§ Try it:
From the listing below, copy only the lines from the line that contains "Cute Boys Flat" to the line that contains "Rag Status: AMBER", counting those two lines as part of the copy.

§ Entries provided:
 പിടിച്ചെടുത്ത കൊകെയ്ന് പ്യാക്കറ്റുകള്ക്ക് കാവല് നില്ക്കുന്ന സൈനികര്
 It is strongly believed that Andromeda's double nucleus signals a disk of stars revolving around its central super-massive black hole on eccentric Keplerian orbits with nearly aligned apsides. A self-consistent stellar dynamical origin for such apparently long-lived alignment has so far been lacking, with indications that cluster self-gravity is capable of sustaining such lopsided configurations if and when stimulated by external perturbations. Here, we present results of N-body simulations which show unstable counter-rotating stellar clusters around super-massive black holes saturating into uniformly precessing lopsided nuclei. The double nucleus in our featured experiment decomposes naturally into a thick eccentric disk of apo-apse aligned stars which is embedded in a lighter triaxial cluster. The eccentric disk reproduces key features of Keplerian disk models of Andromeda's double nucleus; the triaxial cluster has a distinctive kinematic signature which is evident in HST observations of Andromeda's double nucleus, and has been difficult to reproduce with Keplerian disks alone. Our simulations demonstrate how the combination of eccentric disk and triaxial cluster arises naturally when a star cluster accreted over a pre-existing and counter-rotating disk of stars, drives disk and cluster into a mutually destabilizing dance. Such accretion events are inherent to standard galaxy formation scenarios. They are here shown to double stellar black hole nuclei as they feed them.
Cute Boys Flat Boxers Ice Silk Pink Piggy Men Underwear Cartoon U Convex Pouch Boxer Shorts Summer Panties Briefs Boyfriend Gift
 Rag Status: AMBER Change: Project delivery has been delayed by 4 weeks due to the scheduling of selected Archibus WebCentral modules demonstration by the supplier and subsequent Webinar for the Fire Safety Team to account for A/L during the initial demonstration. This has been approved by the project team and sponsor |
...
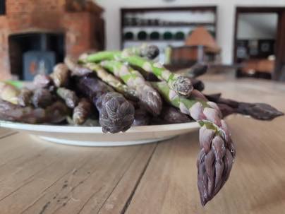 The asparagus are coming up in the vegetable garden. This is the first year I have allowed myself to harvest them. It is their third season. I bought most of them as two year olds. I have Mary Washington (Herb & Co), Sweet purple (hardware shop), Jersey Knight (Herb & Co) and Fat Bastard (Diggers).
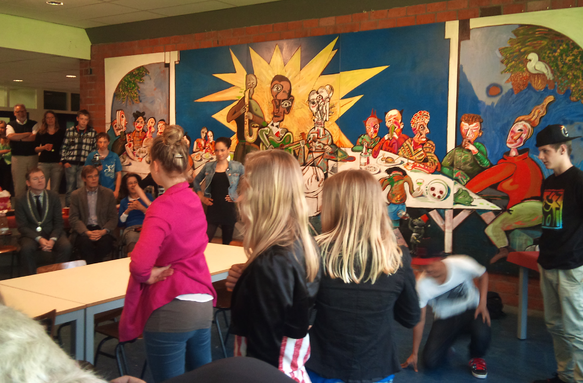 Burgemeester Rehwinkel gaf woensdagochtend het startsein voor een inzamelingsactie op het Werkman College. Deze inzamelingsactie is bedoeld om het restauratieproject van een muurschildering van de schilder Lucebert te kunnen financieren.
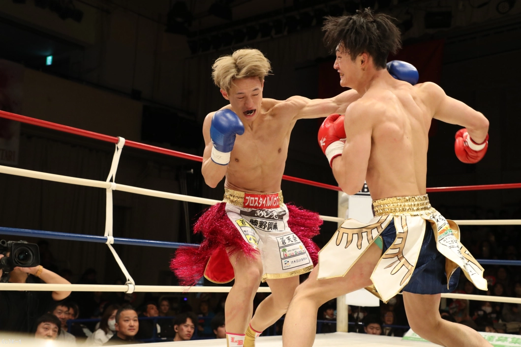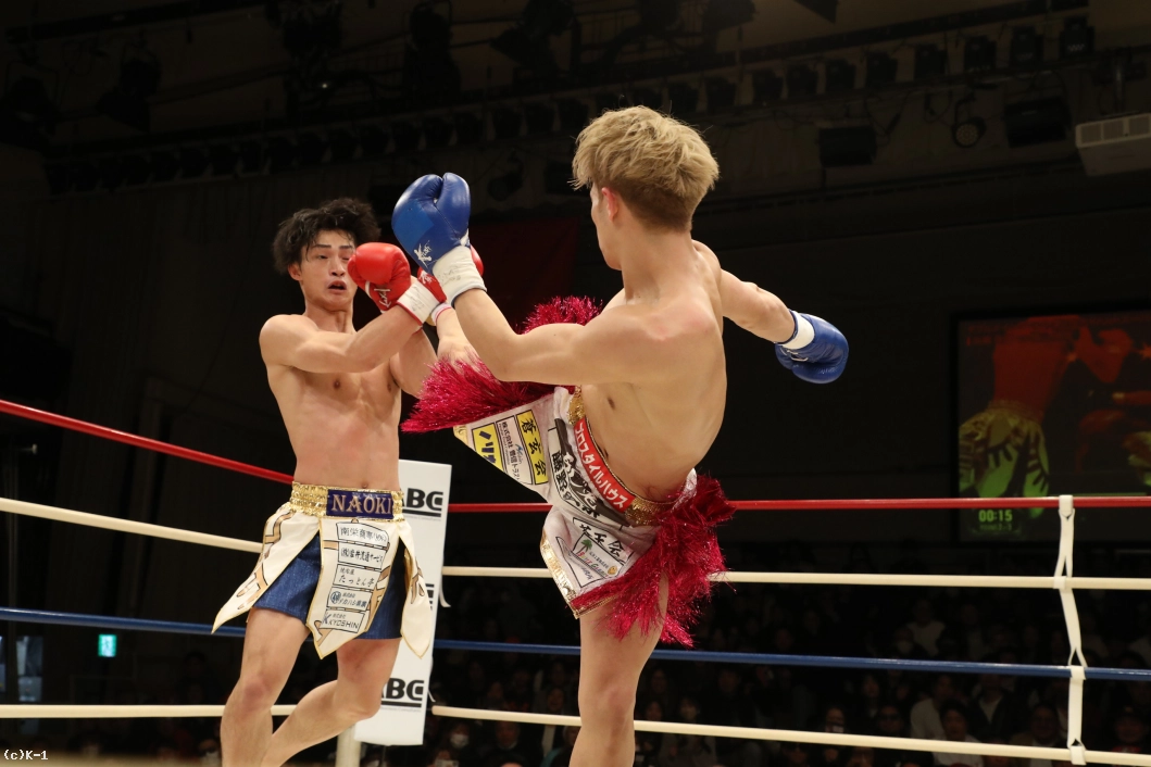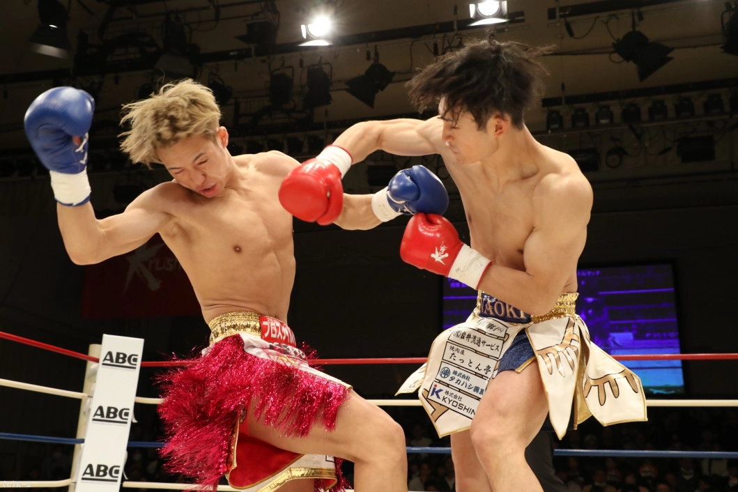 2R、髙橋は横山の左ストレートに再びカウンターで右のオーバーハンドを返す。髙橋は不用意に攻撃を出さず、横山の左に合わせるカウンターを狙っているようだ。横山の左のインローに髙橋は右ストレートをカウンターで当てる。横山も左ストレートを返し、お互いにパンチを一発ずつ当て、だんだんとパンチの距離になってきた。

§ Response to this exercise:
Cute Boys Flat Boxers Ice Silk Pink Piggy Men Underwear Cartoon U Convex Pouch Boxer Shorts Summer Panties Briefs Boyfriend Gift
 Rag Status: AMBER Change: Project delivery has been delayed by 4 weeks due to the scheduling of selected Archibus WebCentral modules demonstration by the supplier and subsequent Webinar for the Fire Safety Team to account for A/L during the initial demonstration. This has been approved by the project team and sponsor |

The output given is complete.